Wednesday, April 2, 2014

a new reality

seven months ago, i started this journey. being a wife and living in nova (northern virginia). finished with my academic career and now spending my time thinking of ways to actually participate in the world instead of going to class, reading books and taking test to "prepare myself for it."
actually, it is a completely new way of life. for most of my years before now, my entire existence was about getting myself to the next step. i absolutely believe that every one of those steps were God ordained but nonetheless, they were to achieve goals of mine. there is nothing wrong with that, but i now live in a new way. my life is not just about what i can do to make my goals and dreams come true.
i am not saying i no longer have goals and dreams.
and i am not saying they wont come true.
but what i am saying is that before now, my dreams and goals were the most important thing to me. and that has changed. my dream and goal is for all of zach's dreams to come true.
even if that means sacrificing my own.
this is one of my highest callings in marriage. i get to delight in my husband and not just when it is easy.
In fact, i am writing this in a time of difficulty for him. But through it, God has reminded me of my role in Zach's heart. 
if he is feeling under appreciated at work, he will come home to a place that reminds him of his immense value.
I am never going to be perfect but i know that
I am here to build him up, not drag him down,
to speak life and not death.
God has given me the privilege and responsibility of being his helpmate.

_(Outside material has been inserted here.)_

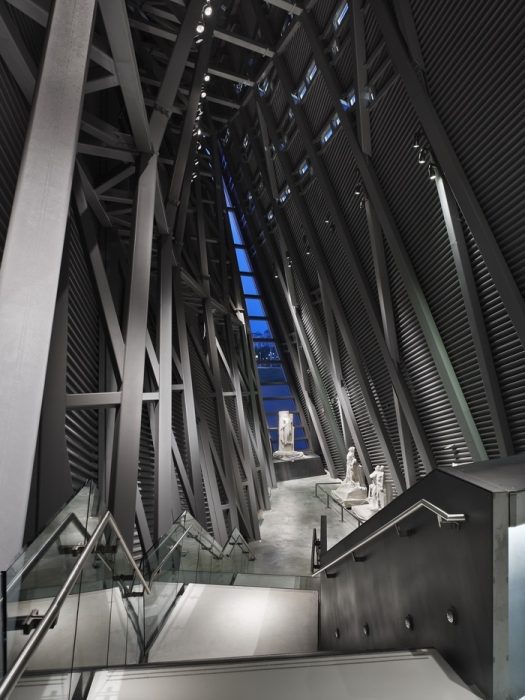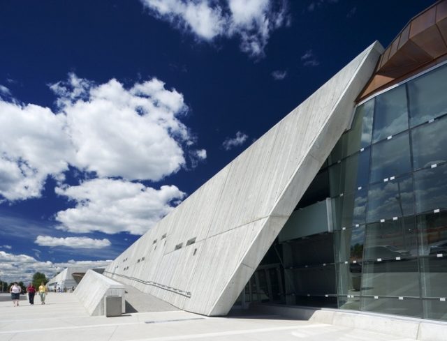 自然との共存を表現した屋根一面を覆う緑の植物。そして幾何学的なデザインの外装と、床や壁に傾斜を多用した内装デザインは、訪問者に芸術的な要素と戦争に対する不安を体感させる試みだ。

When zach first moved up here by himself three years ago, he really struggled and if i didn't play college softball, zach and i could have gotten married and been together much earlier.
zach wouldn't have been so alone.
but he never let me entertain the thought of leaving. he didn't allow what he wanted to stand in the way of fulfilling my dream. before zach, i was selfish in a lot of ways.
he led me by example into a relationship that lives in an unselfish reality.